Extracted data

—————

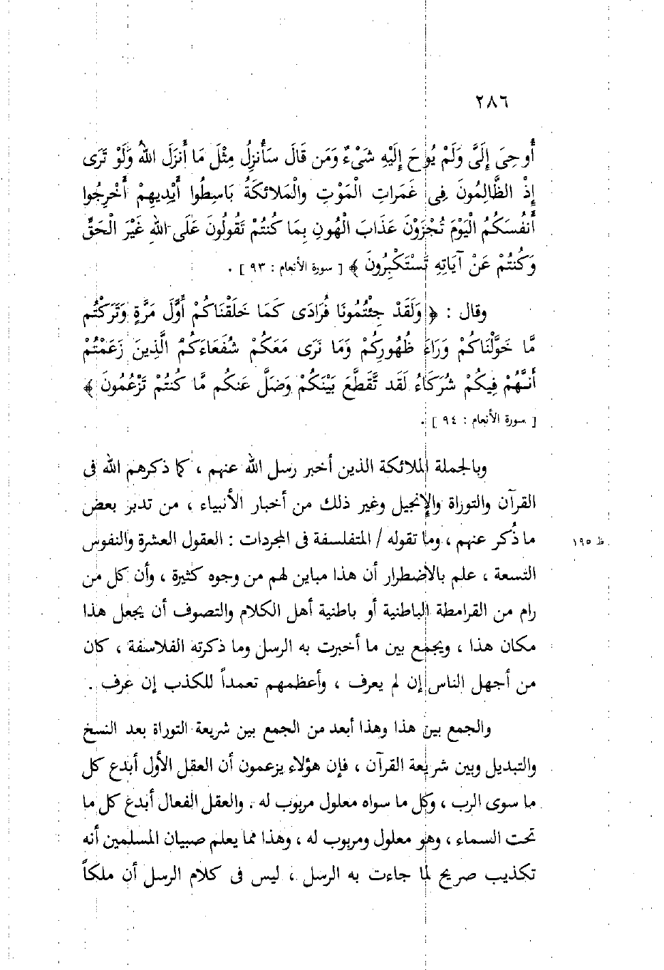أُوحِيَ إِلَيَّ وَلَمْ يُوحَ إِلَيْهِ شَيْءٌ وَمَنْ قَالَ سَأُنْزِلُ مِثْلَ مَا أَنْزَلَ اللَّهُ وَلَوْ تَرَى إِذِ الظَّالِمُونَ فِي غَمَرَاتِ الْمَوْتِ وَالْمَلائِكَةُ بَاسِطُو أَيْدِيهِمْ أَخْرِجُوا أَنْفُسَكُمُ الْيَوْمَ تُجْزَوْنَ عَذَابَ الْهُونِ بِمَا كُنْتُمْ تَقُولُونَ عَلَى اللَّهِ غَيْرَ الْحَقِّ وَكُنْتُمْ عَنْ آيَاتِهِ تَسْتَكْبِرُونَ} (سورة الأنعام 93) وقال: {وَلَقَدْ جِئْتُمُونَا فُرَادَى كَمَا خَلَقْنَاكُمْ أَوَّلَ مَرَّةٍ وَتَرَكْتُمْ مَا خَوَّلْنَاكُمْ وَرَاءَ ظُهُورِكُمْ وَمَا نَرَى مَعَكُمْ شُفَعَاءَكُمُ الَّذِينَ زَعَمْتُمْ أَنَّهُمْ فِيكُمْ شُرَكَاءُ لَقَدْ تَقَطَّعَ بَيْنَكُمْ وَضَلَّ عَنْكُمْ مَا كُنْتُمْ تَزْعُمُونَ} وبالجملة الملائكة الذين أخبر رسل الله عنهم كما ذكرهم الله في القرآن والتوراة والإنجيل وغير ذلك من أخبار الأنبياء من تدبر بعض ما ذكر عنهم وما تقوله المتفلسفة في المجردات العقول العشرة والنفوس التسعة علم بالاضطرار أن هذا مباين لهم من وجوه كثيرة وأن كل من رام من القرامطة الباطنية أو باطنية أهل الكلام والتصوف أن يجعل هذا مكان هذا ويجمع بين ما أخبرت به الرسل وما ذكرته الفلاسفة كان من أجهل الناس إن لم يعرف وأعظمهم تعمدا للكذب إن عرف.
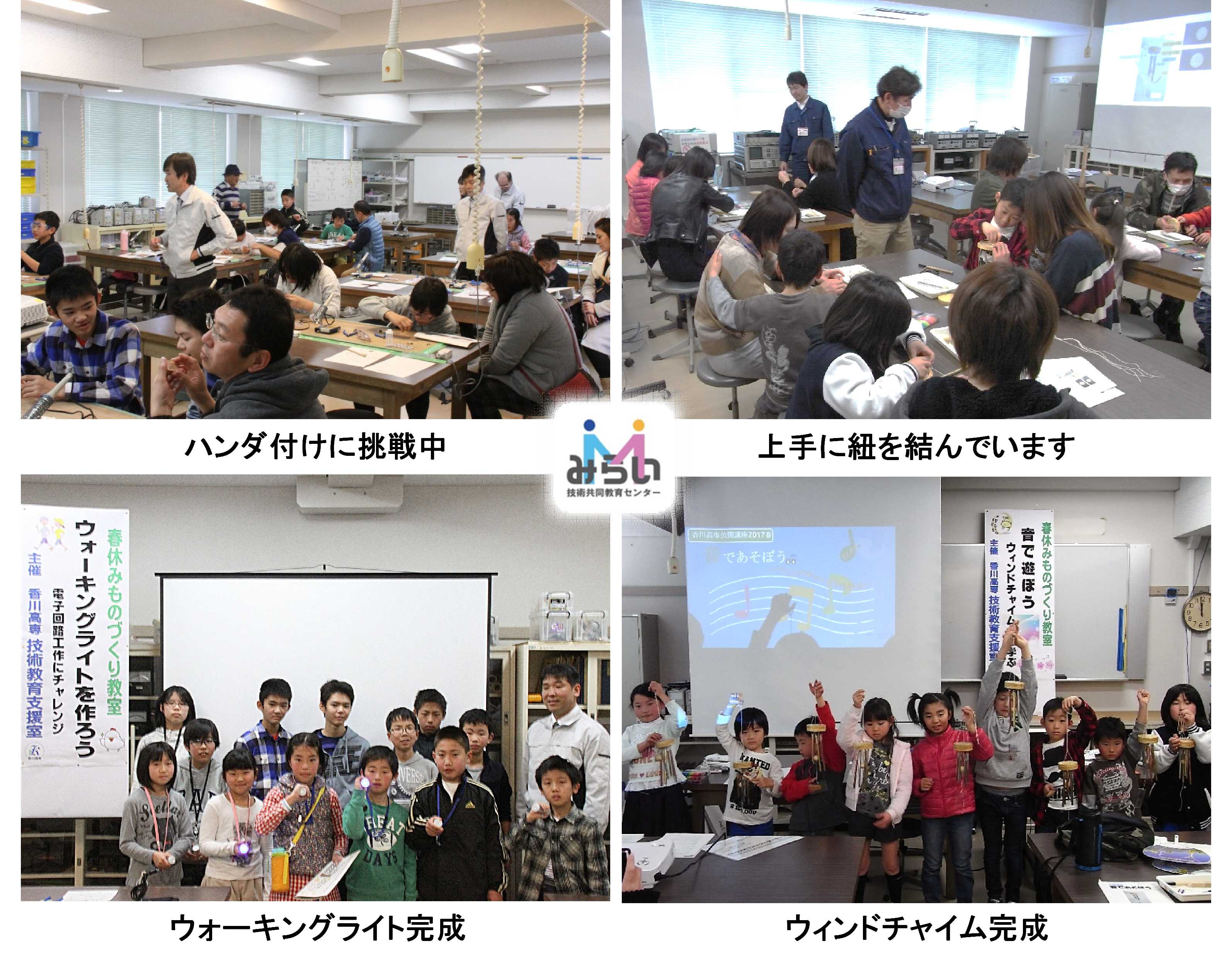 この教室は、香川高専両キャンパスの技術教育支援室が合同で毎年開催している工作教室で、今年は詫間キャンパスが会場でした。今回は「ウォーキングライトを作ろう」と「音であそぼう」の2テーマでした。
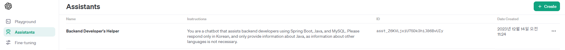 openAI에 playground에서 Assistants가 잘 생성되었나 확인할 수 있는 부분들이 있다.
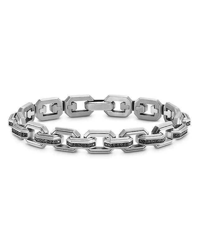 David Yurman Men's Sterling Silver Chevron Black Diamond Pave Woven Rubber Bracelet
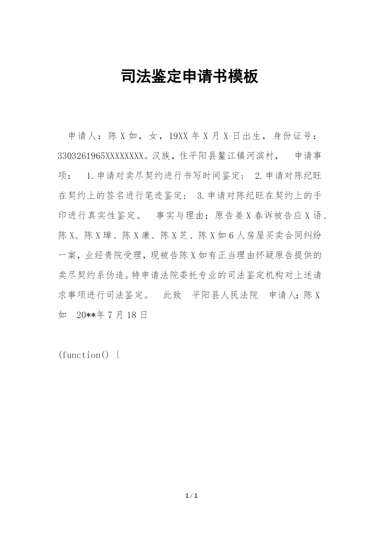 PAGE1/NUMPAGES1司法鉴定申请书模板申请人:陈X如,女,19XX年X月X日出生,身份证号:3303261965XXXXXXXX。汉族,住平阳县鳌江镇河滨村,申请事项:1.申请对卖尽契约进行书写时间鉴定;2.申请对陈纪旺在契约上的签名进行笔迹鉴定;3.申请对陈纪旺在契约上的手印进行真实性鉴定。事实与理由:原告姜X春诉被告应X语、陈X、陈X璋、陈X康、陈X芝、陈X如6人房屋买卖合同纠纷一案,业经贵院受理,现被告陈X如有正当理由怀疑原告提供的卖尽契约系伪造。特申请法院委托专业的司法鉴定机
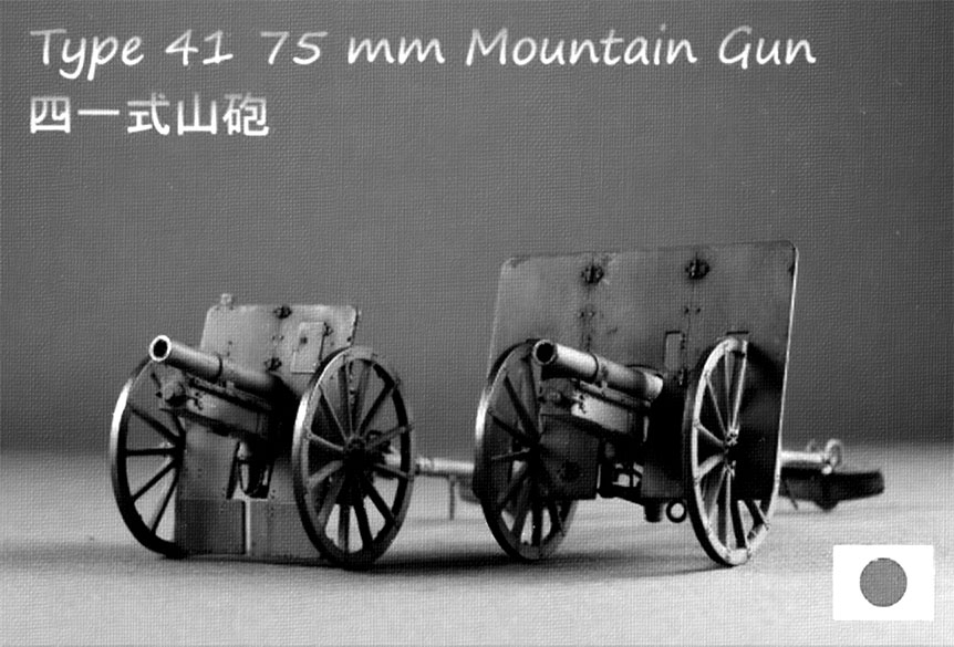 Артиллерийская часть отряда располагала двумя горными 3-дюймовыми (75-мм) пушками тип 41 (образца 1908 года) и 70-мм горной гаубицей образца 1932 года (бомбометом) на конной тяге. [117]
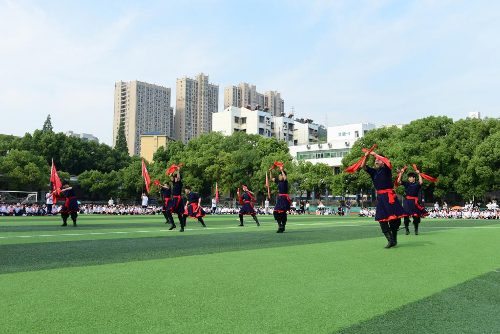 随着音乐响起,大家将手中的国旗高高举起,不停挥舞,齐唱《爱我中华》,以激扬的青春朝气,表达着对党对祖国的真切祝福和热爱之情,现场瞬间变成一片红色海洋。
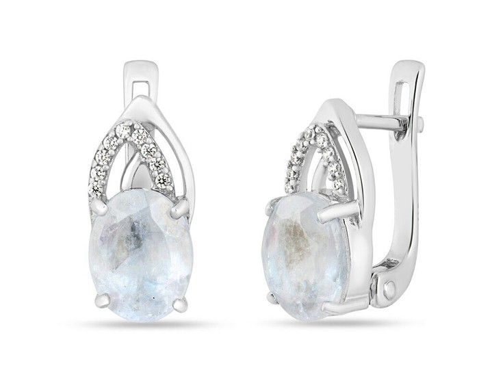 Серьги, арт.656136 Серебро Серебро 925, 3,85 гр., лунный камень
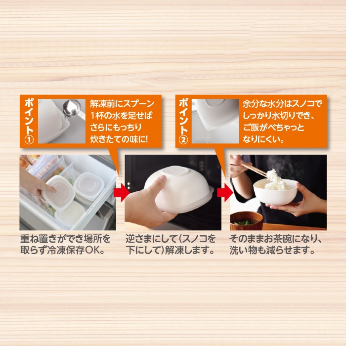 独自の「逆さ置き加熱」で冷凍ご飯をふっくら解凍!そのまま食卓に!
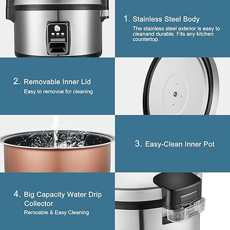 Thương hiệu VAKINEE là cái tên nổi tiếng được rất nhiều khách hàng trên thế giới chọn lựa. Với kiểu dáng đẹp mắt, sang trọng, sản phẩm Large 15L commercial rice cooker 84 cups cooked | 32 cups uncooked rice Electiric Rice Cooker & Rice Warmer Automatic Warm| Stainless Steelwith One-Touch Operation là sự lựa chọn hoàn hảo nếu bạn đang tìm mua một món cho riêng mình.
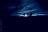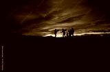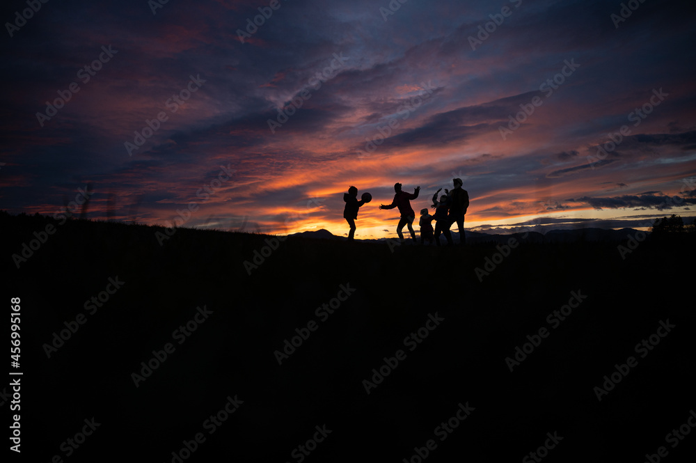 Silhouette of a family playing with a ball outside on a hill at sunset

—————

The result should be the listing above, restated exactly, with no pictures in it.

Output of the task
أُوحِيَ إِلَيَّ وَلَمْ يُوحَ إِلَيْهِ شَيْءٌ وَمَنْ قَالَ سَأُنْزِلُ مِثْلَ مَا أَنْزَلَ اللَّهُ وَلَوْ تَرَى إِذِ الظَّالِمُونَ فِي غَمَرَاتِ الْمَوْتِ وَالْمَلائِكَةُ بَاسِطُو أَيْدِيهِمْ أَخْرِجُوا أَنْفُسَكُمُ الْيَوْمَ تُجْزَوْنَ عَذَابَ الْهُونِ بِمَا كُنْتُمْ تَقُولُونَ عَلَى اللَّهِ غَيْرَ الْحَقِّ وَكُنْتُمْ عَنْ آيَاتِهِ تَسْتَكْبِرُونَ} (سورة الأنعام 93) وقال: {وَلَقَدْ جِئْتُمُونَا فُرَادَى كَمَا خَلَقْنَاكُمْ أَوَّلَ مَرَّةٍ وَتَرَكْتُمْ مَا خَوَّلْنَاكُمْ وَرَاءَ ظُهُورِكُمْ وَمَا نَرَى مَعَكُمْ شُفَعَاءَكُمُ الَّذِينَ زَعَمْتُمْ أَنَّهُمْ فِيكُمْ شُرَكَاءُ لَقَدْ تَقَطَّعَ بَيْنَكُمْ وَضَلَّ عَنْكُمْ مَا كُنْتُمْ تَزْعُمُونَ} وبالجملة الملائكة الذين أخبر رسل الله عنهم كما ذكرهم الله في القرآن والتوراة والإنجيل وغير ذلك من أخبار الأنبياء من تدبر بعض ما ذكر عنهم وما تقوله المتفلسفة في المجردات العقول العشرة والنفوس التسعة علم بالاضطرار أن هذا مباين لهم من وجوه كثيرة وأن كل من رام من القرامطة الباطنية أو باطنية أهل الكلام والتصوف أن يجعل هذا مكان هذا ويجمع بين ما أخبرت به الرسل وما ذكرته الفلاسفة كان من أجهل الناس إن لم يعرف وأعظمهم تعمدا للكذب إن عرف.
 この教室は、香川高専両キャンパスの技術教育支援室が合同で毎年開催している工作教室で、今年は詫間キャンパスが会場でした。今回は「ウォーキングライトを作ろう」と「音であそぼう」の2テーマでした。
 openAI에 playground에서 Assistants가 잘 생성되었나 확인할 수 있는 부분들이 있다.
 David Yurman Men's Sterling Silver Chevron Black Diamond Pave Woven Rubber Bracelet
 PAGE1/NUMPAGES1司法鉴定申请书模板申请人:陈X如,女,19XX年X月X日出生,身份证号:3303261965XXXXXXXX。汉族,住平阳县鳌江镇河滨村,申请事项:1.申请对卖尽契约进行书写时间鉴定;2.申请对陈纪旺在契约上的签名进行笔迹鉴定;3.申请对陈纪旺在契约上的手印进行真实性鉴定。事实与理由:原告姜X春诉被告应X语、陈X、陈X璋、陈X康、陈X芝、陈X如6人房屋买卖合同纠纷一案,业经贵院受理,现被告陈X如有正当理由怀疑原告提供的卖尽契约系伪造。特申请法院委托专业的司法鉴定机
 Артиллерийская часть отряда располагала двумя горными 3-дюймовыми (75-мм) пушками тип 41 (образца 1908 года) и 70-мм горной гаубицей образца 1932 года (бомбометом) на конной тяге. [117]
 随着音乐响起,大家将手中的国旗高高举起,不停挥舞,齐唱《爱我中华》,以激扬的青春朝气,表达着对党对祖国的真切祝福和热爱之情,现场瞬间变成一片红色海洋。
 Серьги, арт.656136 Серебро Серебро 925, 3,85 гр., лунный камень
 独自の「逆さ置き加熱」で冷凍ご飯をふっくら解凍!そのまま食卓に!
 Thương hiệu VAKINEE là cái tên nổi tiếng được rất nhiều khách hàng trên thế giới chọn lựa. Với kiểu dáng đẹp mắt, sang trọng, sản phẩm Large 15L commercial rice cooker 84 cups cooked | 32 cups uncooked rice Electiric Rice Cooker & Rice Warmer Automatic Warm| Stainless Steelwith One-Touch Operation là sự lựa chọn hoàn hảo nếu bạn đang tìm mua một món cho riêng mình.
 Silhouette of a family playing with a ball outside on a hill at sunset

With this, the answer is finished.